Table of Contents
Definitions of Randomness
Kolmogorov
Complexity of a sequence = The shortest algorithm that produces it.
Martin-Löf
- A sequence is random if it passes all statistical tests.
- It cannot be produced by a program shorter than itself.
The digits of $\pi$ are not random in this sense.
Not just “difficult to compute”, there is no consistent way to define the shortest algorithm.

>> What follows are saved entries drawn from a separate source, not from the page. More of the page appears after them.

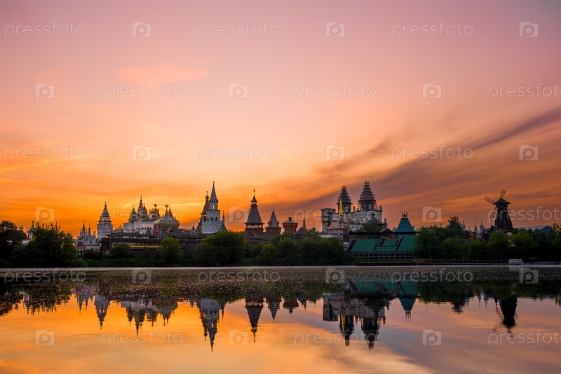 Живописное закатное небо над Измайловским Кремлем. Россия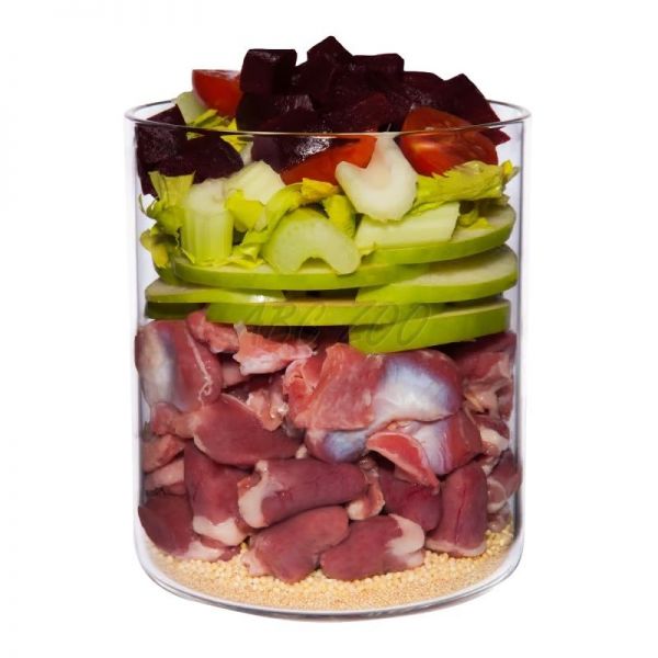 Sestava: Piščančje srce (24 %), paradižnik (17 %), piščančji želodec (16 %), piščančja jetra (11 %), hruška, amarant (5 %), piščančja mišica (4 %), proso, rdeča pesa*, steblo zelene, kokosova moka, repično olje, ostrige*, pivski kvas*, bazilika* (0,4 %), mineralna glina*, andska sol, šipek*, morske alge*, minerali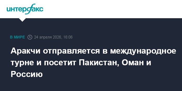 Москва. 24 апреля. INTERFAX.RU - Министр иностранных дел Ирана Аббас Аракчи в пятницу отправится в поездку, в ходе которой посетит Пакистан, Оман и Россию, сообщает агентство ИРНА.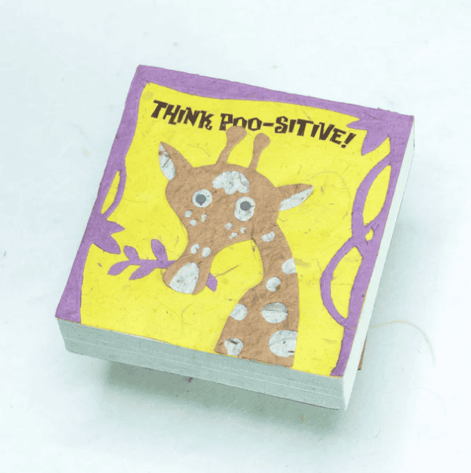 Bring a smile to someone’s face while helping the planet with our Giraffe Face Scratch Pad. A delightfully quirky, eco-conscious notepad with a playful zoo-themed cover. Made from animal poo fibers, this scratch pad turns an unexpected natural resource into a environmentally friendly piece of stationery.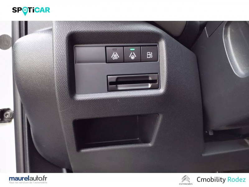 3 sièges AR indépendants, coulissants, inclinables et escamotables / ABS + AFU + ESP + REF / Accès et démarrage mains libres / Barres de toit bi-ton Silver / Câble électrique mode 2, prise de charge T2/EF / Calandre supérieure Noir Brillant / Caméra de recul avec Top Rear Vision+ Aide au stationnement avant / Chargeur embarqué 3,7 kW / Citroën Connect Nav et Citroën Connect Box avec Pack SOS et assistance inclus Comprend le système de navigation TomTom, la reconnaissance vocale et durant 3 ans les services Connect Nav (inclut les services « Zones de danger », « Info Trafic », « Stations-service », « Parkings », « Météo » et « Recherche locale »). / Citroën Connect Radio sur tablette tactile 8" / Clignotants AV à LED / Combiné numérique 12,3" personnalisable / Détection de sous-gonflage / Elargisseurs d'aile et bas de caisse Noir Mat / Enjoliveurs de contour de vitres latérales chromés / ESP et AFU / Essuie-vitres AV automatique Magic Wash / Frein de stationnement électrique automatique / Garnissage Cuir Grainé Graphite/Tissu Graphite/Ambiance Metropolitan Grey Comprend les appuie-tetes AV (2 voies) et les surtapis AV et AR / Hayon mains libres / Highway Driver Assist / Inserts colorés Silver Anodisé sur Airbump et bouclier AV / Jantes alliage 19" ART Diamantées bi-ton / Kit de dépannage provisoire des pneumatiques / Mirror Screen Compatible avec Android Auto et Apple CarPlayTM / Pack Drive Assist / Pack Drive Assist + / Pack Look Silver Anodisé / Pack Safety + / Pare-chocs AR avec double canule chromée / Pédalier et repose pieds aluminium / Prises 12V sur la console centrale et dans le coffre / Projecteurs antibrouillard avec éclairage statique d'intersection / Recharge sans fil pour smartphone / Rétroviseur intérieur électrochrome HYBRID avec LED "ZEV Mode" / Seuils de portes AV Inox / Siège conducteur avec réglage lombaire et accoudoir / Siège conducteur électrique (8 voies) / Sièges Advanced Comfort / Surtapis AV et AR / Suspensions avec Butées Hydrauliques Progressives / Teinte de caisse opaque Blanc Banquise / Vitres latérales AV feuilletées et acoustiques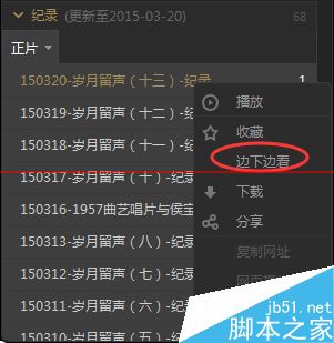 3、找到您要观看的影片,然后在影片名字上点击鼠标右键,选择【边下边看】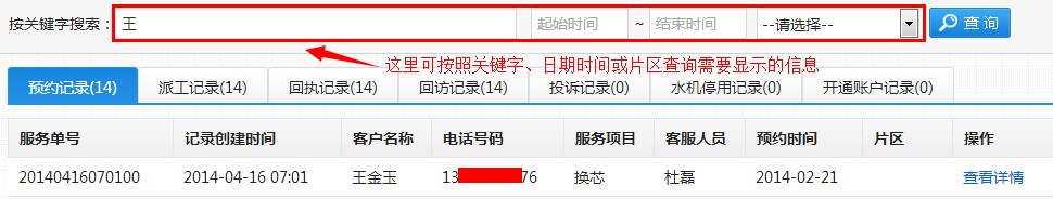第二步:输入客户的姓名、服务单号、电话号码、时间、地点信息,点击“查询”按钮,可以进行模糊查询客户服务记录。如下图: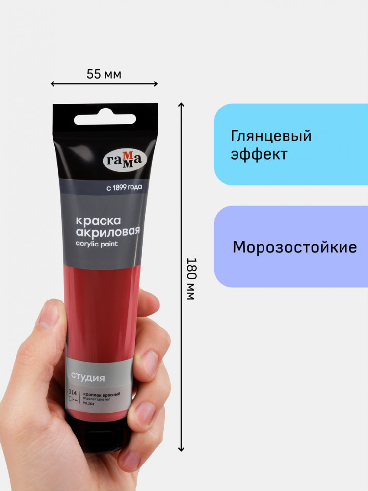Гамма Краска акриловая, 314 краплак красный

It’s impossible to find a way to ensure that a sequence is random. It’s similar to the halting problem in a way.
My Idea
It might be possible to define an algorithm in terms of a Turing machine. If the instructions of a Turing machine are shorter than the sequence itself, it’s not random.
Another idea
It says $P(b_n | s_{n-1}) = \frac{1}{2}$ for a binary sequence if the random process is ideal. But expecting this might be against randomness.
Pseudorandomness
Producing seemingly random sequences by algorithms, given a secret key.

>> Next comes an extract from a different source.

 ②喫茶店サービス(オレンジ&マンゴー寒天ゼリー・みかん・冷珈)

The sequence is determined and can be inferred with high computing power. But for practical purposes, it’s random.
Uses of Randomness
- Randomized Algorithms: When a definite algorithm is too costly, it’s possible to run randomized algorithms for e.g. checking whether a number is prime.
- Cryptography: When a message needs to be encrypted with a secure key, the most secure way to produce a key is randomness.